Two weeks since the declaration of the outbreak on 4 September 2025, over 90% of contacts of confirmed cases are being monitored and followed up, from just 19% a fortnight ago. Monitoring of contacts is important for—among other measures—rapid detection, prompt isolation and quick initiation of treatment when Ebola symptoms appear. A total of 943 contacts are being followed up in Bulape health zone, the current epicentre of the outbreak. The goal is to disrupt the chain of transmission in the community.

Sixteen patients are receiving treatment at Bulape treatment centre, where a 34-bed treatment centre has been set up with clinical care experts and therapeutics deployed to improve treatment. The first two patients to recover from Ebola were discharged on 15 September. 

Laboratory testing of samples is now being conducted on site in Bulape. Sample testing turnaround time has also significantly improved, with results now obtained within 4—6 hours, down from 4—5 days previously when samples would be shipped to Kinshasa.

To reduce community transmission as well as safeguard the health workers who are at most risk, a total of 523 frontline health workers in Bulape health zone and contacts have been vaccinated as of 16 September. Six teams are carrying out the vaccination. Around 45,000 additional doses of the Ervebo vaccines have been approved and an initial consignment of 2000 doses has been delivered.

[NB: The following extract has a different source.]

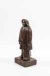 Joseph SAVINA (1901-1983) L’Islandais Sculpture de taille directe en chêne massif patiné Atelier d’Art Celtique, Tréguier, vers 1930 Titrée en façade, signée au dos du socle «J. SAVINA» et du monogramme de la période Seiz Breur de Joseph Savina. Petites usures, fente dans le bois au dos. Haut. 46 cm Bibliographie : - Pierre Guéguen, «Joseph Savina» in «Bretagne», n° 105, 1932, citation page 197. - Philippe Bonnet, Daniel Le Couédic, Philippe Le Stum, «La puissance et la grâce, sculpteurs bretons 1900- 1950», Château de Kerjean, 1998 - Daniel Le Couédic et Jean-Yves Veillard (dir), «Ar Seiz Breur 1923-1947, la création bretonne entre tradition et modernité», éd. Terre de Brume - musée de Bretagne, 2000 - Yves Brand’honneur et Pascal Aumasson «Savina Le Corbusier, de l’art celtique à la sculpture moderne» éd. Locus Solus, 2021. Modèle similaire reproduit page 164. Cette sculpture est imprégnée d’un cubisme presque sauvage; «géométrique comme un iceberg»; elle fait écho à la nature souvent hostile et au métier dur et ingrat de ces gars de la mer, des côtes du Trégor et du Goëlo, à qui elle rend hommage : les pêcheurs d’Islande. OEuvre puissante, taillée à la gouge et à l’herminette, dont chacune des facettes reflète la lumière au point qu’un infime mouvement en modifie entièrement l’aspect, cet «Islandais» est une sculpture majeure de Joseph Savina. Ce modèle, réalisé à quelques exemplaires, figure sur une vue du magasin d’exposition de l’Atelier d’Art Celtique de la rue Saint-André à Tréguier, carte postale éditée vers 1930 et conservée au musée de Bretagne à Rennes.
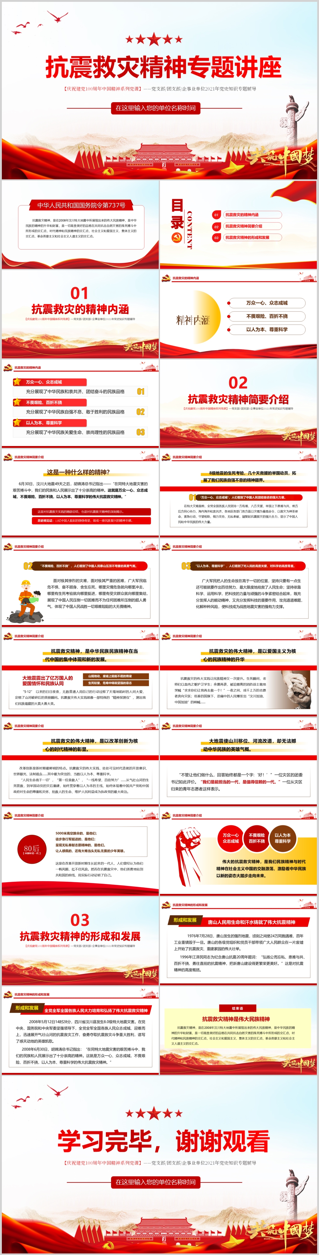 弘扬抗震救灾精神专题讲座课件PPT模板

“While we’re witnessing important improvements in the response, we’re still in the early days of the outbreak. A determined action is vital to consolidate these positive steps, gain ground against the virus, end its spread and protect the population,” said Dr Mohamed Janabi, World Health Organization (WHO) Regional Director for Africa.

WHO and partners, including Médecins Sans Frontières, UNICEF, ALIMA and others, are working closely with the national health authorities to strengthen all key aspects of outbreak response. Logistics, for instance, has been bolstered, with supplies now stockpiled closer to the epicentre. Thanks to support from World Food Programme and the UN peacekeeping mission in the country (MONUSCO), an airbridge has been established, cutting travel time to just hours from several days at the start of the outbreak.

The outbreak has so far affected 14 localities in Bulape, with no cases recorded in other health zones of Kasai Province. A total of 48 cases (38 confirmed and 10 probable), and 31 deaths have been reported as of 17 September. 

“Our aim is to work with the community to disrupt the transmission chain by intensifying disease surveillance in communities, alert management, contact tracing, active case searching and strengthen preparedness efforts in the surrounding health zones and provinces,” said Dr Patrick Okumu Abok, Acting Regional Emergency Director, WHO Regional Office for Africa. 

Genomic analysis has shown close similarity of the current outbreak to one in 1976, suggesting that it is due to a new zoonotic spill-over and not directly linked to previous outbreaks in Kasai Province in 2007and 2008.

Ebola is a severe, often fatal illness affecting humans and other primates. Case fatality rates have varied from 25% to 90% in past outbreaks. Effective treatment is available and if patients receive treatment early, as well as supportive care, their chances of survival improve significantly.